Take these two, innocuously looking functions. Because both do the same thing (namely set the contents of a vector, P, to [1, 1]) I call them 1 and a, respectively, since one is not better than the other.


def implementation_1(P):

    P = [1, 1]


def implementation_a(P):

    P[0] = 1
    P[1] = 1



What you would expect is one of the following two options
  1. Both functions change P to [1, 1] (permanently).
  2. Both functions take a local copy of P and change it to [1, 1], and after the function returns, the local [1, 1] array is forgotten.

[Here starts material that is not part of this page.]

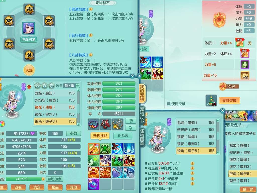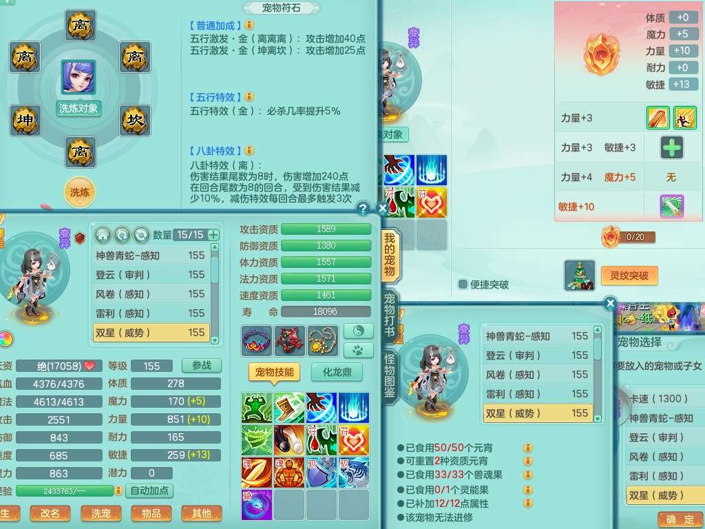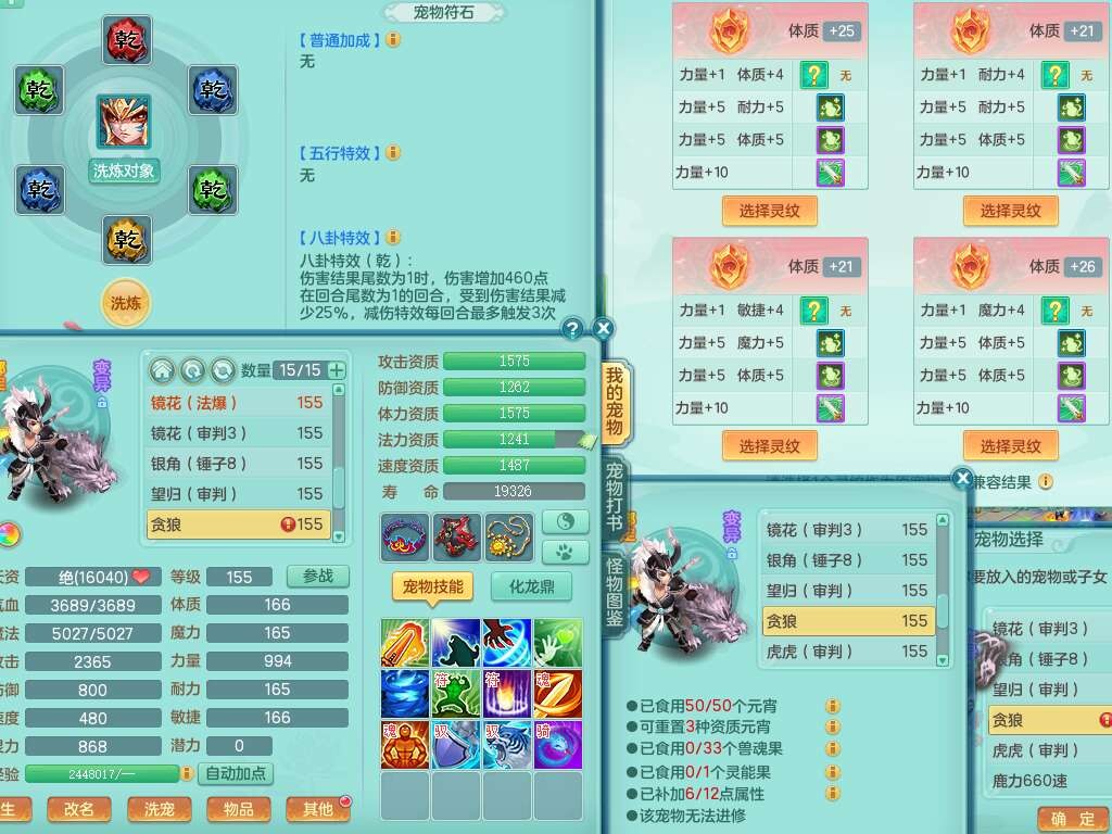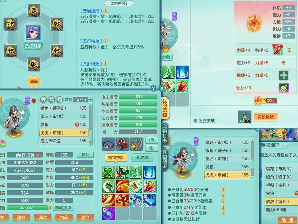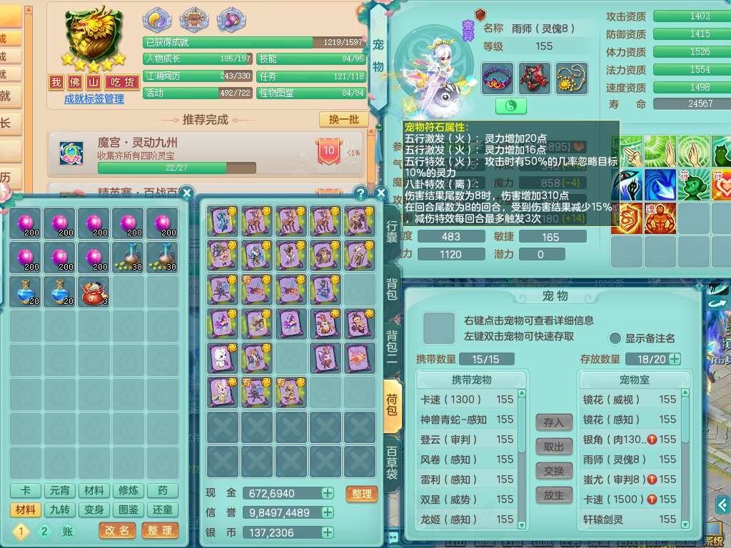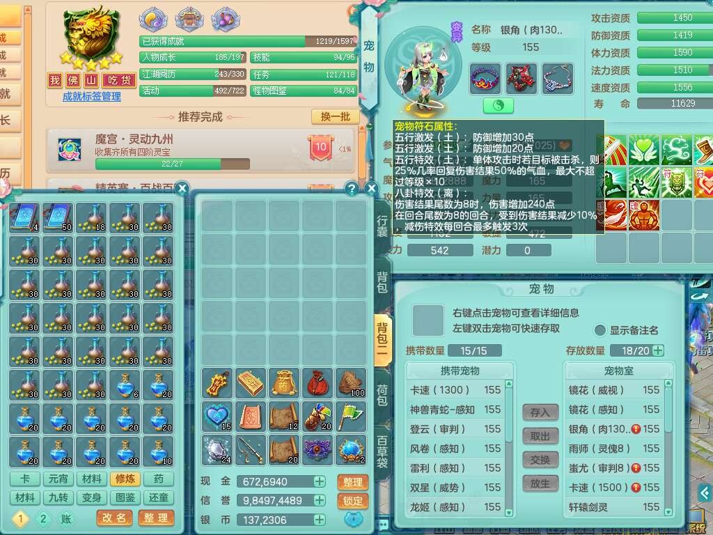 S22030笑傲江湖159男魔王,精灵舞,1龙无内,1内胆神,8只觉醒,2宠皮,4只六技能镜花灵,2只六技能龙姬,8特殊(登云,烈焰,锤子,雷厉,风卷,灵傀,虎虎,双星),五雷单加51腰带,易成长烽火单加52衣服,有匠心易成长单加55腰带,匠心易头,5.5基础鼎+70攻,13个格子,2个纯六字,7个五字,17只满果子,仓库45神兽内丹碎片,经验成就在榜,4只坐骑。

A simple test is to do this:


P = [0, 0]
print P

implementation_1(P)
print P

implementation_a(P)
print P


which prints:

[0, 0]
[0, 0]
[1, 1]


So clearly implementation_a() is different from implementation_1(), although they seemingly do the same.




6 comments:

  1. Another curiosity is this suggestion (By Jimmy Kromann):

    def implementation_I(P):

    P = P + list()

    P[0] = 1
    P[1] = 1


    which does the same thing as implementation_1().

    ReplyDelete
  2. while

    def implementation_alpha(P):

    P = P

    P[0] = 1
    P[1] = 1

    works like implementation_a()

    ReplyDelete
  3. It's something to do with Python using names, rather than pointers, and the semantics are different.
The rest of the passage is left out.